Theodore Dalrymple

Would Richard III have claimed PIP?

A portrait of Richard III (Getty images)

Looking at the list breaking down the reasons for which people are granted Personal Independence Payments (PIPSs), up to £180 a week to help them with their daily living and mobility, one cannot help but be reminded of the London Bills of Mortality of the seventeenth century, when some people died ‘frighted’, or of ‘grief’, or ‘lethargy.’

Descanting on his own deformity does nothing to reduce Richard’s unease

Of course, our nosology – our classification of disease – is far more scientific than it was nearly four hundred years ago, except perhaps in one important respect: that of psychological difficulties. This is important because such difficulties are responsible for by far the largest category of claims for PIPs. This, in turn, is alarming because it is often relatively young people who make such claims.

It seems almost as if the volume of PIP grants is inversely related to both the severity and certainty of the diagnosis. Some of the psychological diagnoses are solidly founded, but others, such as anxiety and depression, can be easily simulated. This is not the same as saying that the majority of the hundreds of thousands who claim to be anxious and depressed to the extent of needing financial assistance are faking it: the relationship between what is genuine and what is faked is far more complex than such an assertion would lead one to believe.

To see how and why, it is worth considering Richard III’s opening soliloquy. William Shakespeare was, of course, a very great psychologist, and understood the workings of the human mind as well as anyone who has ever lived.

Richard III’s condition was real (I mean as Shakespeare described it, not as found under the car park in Leicester). He was severely deformed but not handicapped. He did not cry at the Battle of Bosworth Field, ‘My PIP, my PIP, my kingdom for a PIP!’

It takes no great insight, or effort of empathy, to know that Richard’s deformity was no source of happiness to him and complicated his life. No one would rather be born with his deformity than without it; it is necessary only to be a human being, not a psychologist, to know this.

Richard tells that he cannot take advantage of the peace that has broken out:

      But I, that am not shaped for sportive tricks,

      Nor made to court an amorous looking-glass;

      I, that am rudely stamp’d, and want love’s majesty

      To strut before a wanton ambling nymph;

      I, that am curtail’d of this fair proportion,

      Cheated of feature by dissembling nature,

      Deformed, unfinish’d, sent before my time

      Into this breathing world, scarce half made up,

      And that so lamely and unfashionable

      That dogs bark at me as I halt by them;

       Why, I, in this weak piping time of peace,

       Have no delight to pass away the time,

       Unless to spy my shadow in the sun

       And descant on mine own deformity…

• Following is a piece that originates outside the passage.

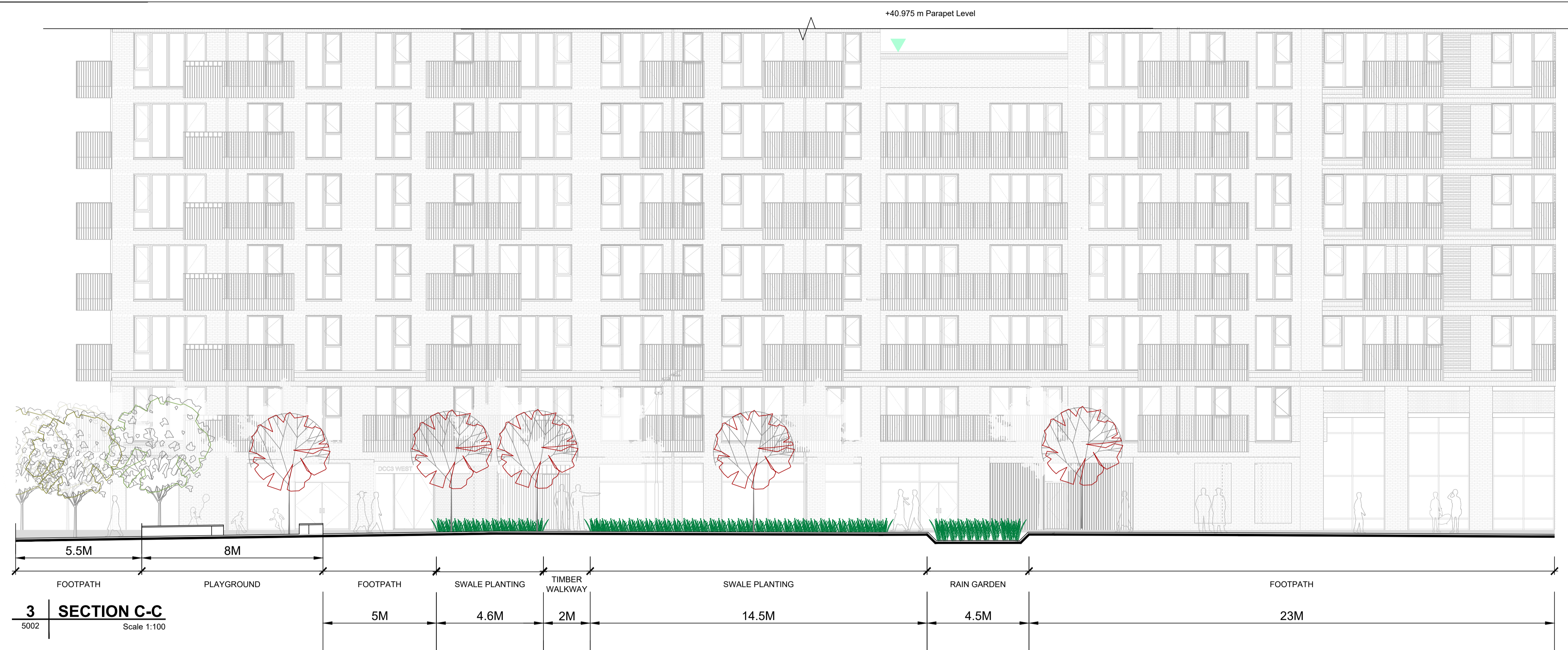
3 SECTION C-C 5002 Scale 1:100

This all sounds perfectly plausible and indeed pitiable. As I mentioned, you need not be a psychologist, only a human being, to understand  and sympathise with Richard. Nor is Richard necessarily insincere as he speaks in this way.

Yet in the very next scene, he is able to seduce, with less difficulty than a veritable Adonis might have experienced, the widow of a man for whose recent death he has been responsible. It is not true, therefore, that he cannot prove the lover; he is actually very good at making love. Even this, however, does not mean that he is entirely insincere in his lamentation. Common experience demonstrates that, in many cases, no amount of success can assuage the sense of bitterness consequent upon some unfairness or injustice suffered: and Richard’s deformity is nothing if not unfair.

The point is that descanting on his own deformity does nothing to reduce Richard’s unease; on the contrary, it magnifies it, and keeps it constantly before his mind. This is no surprise. Descanting on one’s own anxiety or depression, as the very process of psychological diagnosis encourages the anxious or depressed to do, only magnifies, not assuages, their unease. The movement toward so-called Emotional Intelligence appears to be at the very root of, and a significant cause of, the epidemic of psychological discomfort among the young.

We may go further. Richard says:    

   And therefore, since I cannot prove a lover,

   To entertain these fair well-spoken days,

   I am determined to prove a villain

   And hate the idle pleasures of these days.

Having decided, falsely, what he cannot do, he has provided himself with an all-purpose explanation of and excuse for his future behaviour.

I am not, of course, claiming that we have become a nation of Richard IIIs: it is not villains that those who descant on their own anxiety or depression become because they cannot prove the lover, but people who cannot face the difficulties of life (and life is always difficult) without all kinds of props: props that actually maintain their inability that seemingly necessitates them in the first place.